The Example on page 233 is OK because it outputs all its characters which naturally appends them to their predecessors

Ex 6.10 on pages 285-287 is an example of this character buffering. It’s reading the message on pg. 142 with …<double>55</double>…

startElement: if element name is "double" set up a new StringBuffer

characters: if buffer != null

buffer.append(text, start, length)

endElement: if element is "Double" convert buffer to result and make buffer null. buffer serves double duty as a storage space and a flag

We can skip the processor instruction and namespace sections of Chapter 6

What the ContentHandler Doesn't Tell You (page 303)

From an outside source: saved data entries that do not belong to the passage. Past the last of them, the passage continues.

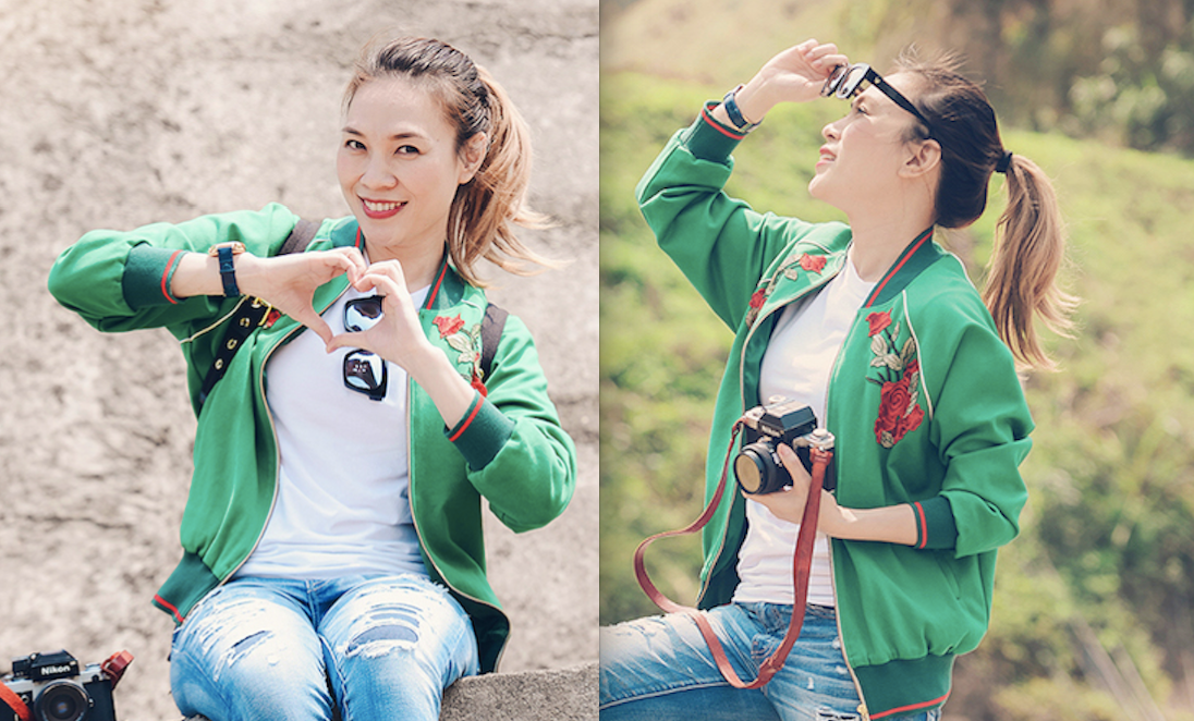 Diện áo thun quần jeans rách cá tính kết hợp với áo khoác bomber, nữ ca sĩ đến thăm những nơi nổi tiếng từng được giới trẻ yêu thích.
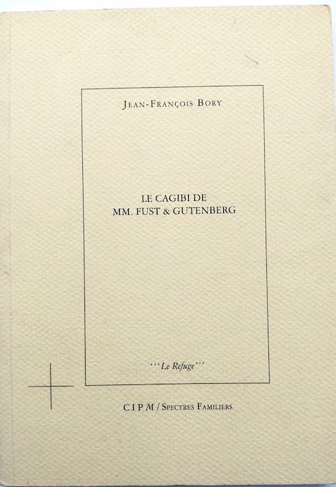BORY, Jean-François, Le Cagibi de MM. Fust & Guttenberg, Marseille, CPIM, 1992.
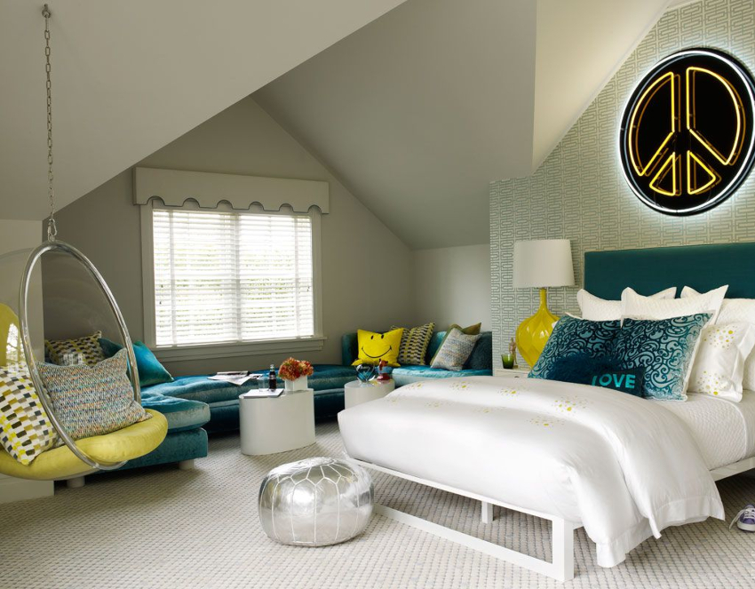 Loteng. Bahagian dalaman remaja klasik dengan sentuhan industri. Menganggap adanya dinding bata dan permukaan yang lusuh. Adalah baik untuk membiarkan balok siling terkena dan menggunakan sebilangan besar sumber cahaya buatan. Sangat mudah untuk menunjukkan keperibadian di kawasan dalaman seperti itu.
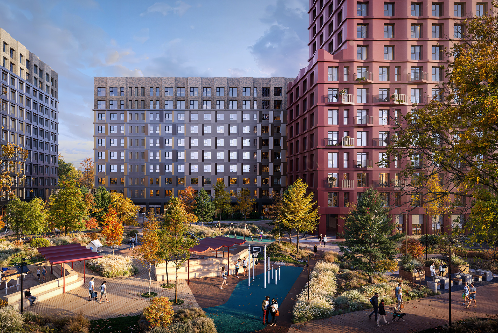 - Продуманное благоустройство. Во дворе, скрытом от посторонних глаз, появится уютный двор-парк с круглогодичным садом, урбан-фермой, детскими и спортивными зонами, столами для шахмат и пинг-понга.
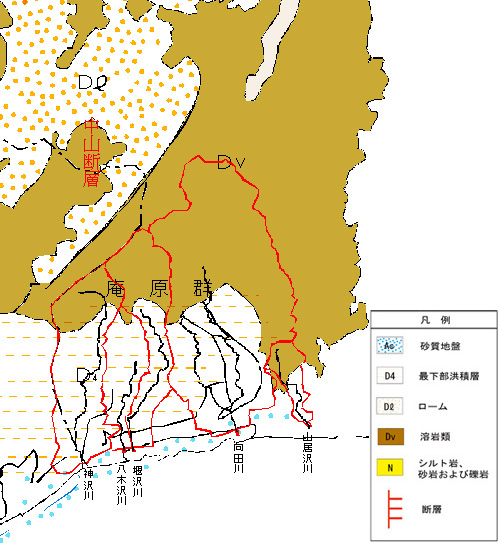 清水区蒲原は海岸沿いにわずかに平坦地がある程度で、大部分は丘陵(海岸段丘)や山地に覆われています。 また、駿河湾と糸魚川(いといがわ)を結ぶフォッサマグナ地帯に位置しており、流域の北側には中山断層が走っています。 清水区蒲原における地質は、駿河湾沿岸部の沖積層、東名高速道路から標高200m以下の丘陵部に位置する細かい礫を主体とする洪積層(蒲原累層)、中山断層より南に位置する溶岩類に区分されています。
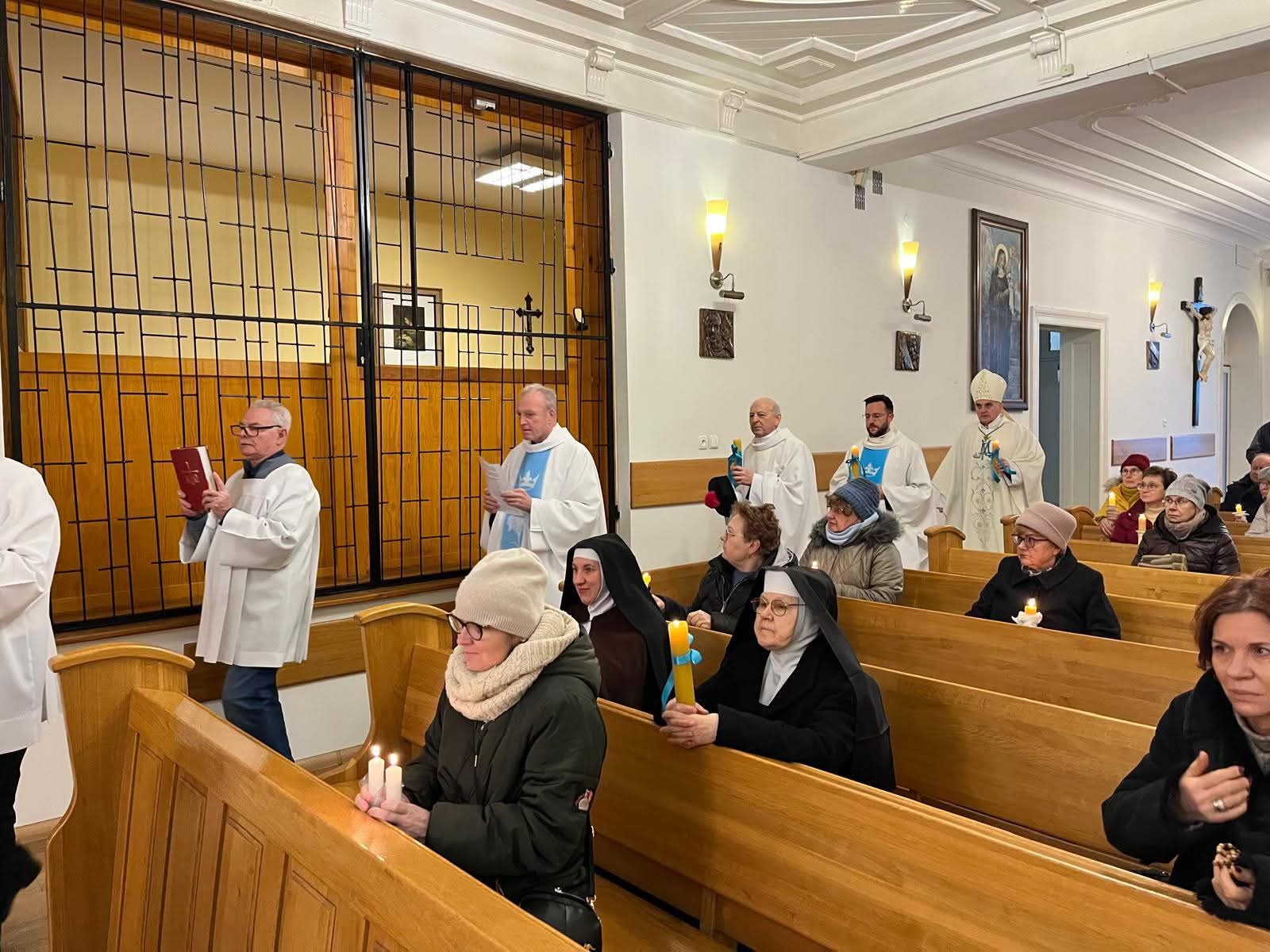2 lutego, w święto Ofiarowania Pańskiego oraz Światowy Dzień Życia Konsekrowanego, po raz drugi już towarzyszył nam ordynariusz naszej diecezji, bp Krzysztof Włodarczyk. W ten ważny dla nas dzień przypomnienia sobie o darze naszej konsekracji Bogu, tym większą radością było dla nas odnowić nasze Śluby na ręce biskupa (wprawdzie wspólnotowo, ale – jak w poprzednich latach – mogąc wypowiedzieć głośno do mikrofonu swoje imię).

The ContentHandler interface gives you most of the information you really need from a document. Some of its omissions are handled by other callback interfaces

Some of the things the ContentHandler does not deal with but are available through other interfaces

- comments, unskipped entities and CDATA sections, all of which are available through the LexicalHandler interface

Note: the text of CDATA sections is delivered by characters(). This further lets you know which text came from CDATA’s.

- ELEMENT, ATTLIST and parsed ENTITY declarations from the DTD, all of which are reported through the DTDHandler interface

- validity errors and other nonfatal errors which are reported through the ErrorHandler interface

Some of the things the ContentHandler does not deal with, and are not dealt with by any part of SAX (I.e., SAX 2 = book version = Java 6 version)

- the version, encoding attribute from the XML declaration

- insignificant white space in tags and before and after the root element

- the order of attributes

- the type of quotes that surround attributes

- character references

- prenormalized attribute values (see p. 280 on normailization)

- whether an attribute was specified in the instance document or defaulted from a DTD or schema (see more below)

- whether empty elements are represented as <name></name> or <name />

- What XML Schema type goes with various attribute values and element contents (not mentioned in Harold)

The only common use case for most of the above information would be an XML editor.

Correction: The last point was true until Java 5, when a new schema-handling package was added to the JDK related to the newer DOM release known as DOM3. This new schema support was also made to fit in with SAX. See http://www.ibm.com/developerworks/library/x-javaxmlvalidapi/

See validate-ns/TypeLister.java for a program from that article, slightly modified to work with our examples. It prints out XML schema type names where available for both element content and attribute values (in my version). Anonymous types don’t have type names, so for example, book of book5.xml gets output as

b:book: typename #AnonType_book, typename ns: http://schemas.cs.umb.edu/book.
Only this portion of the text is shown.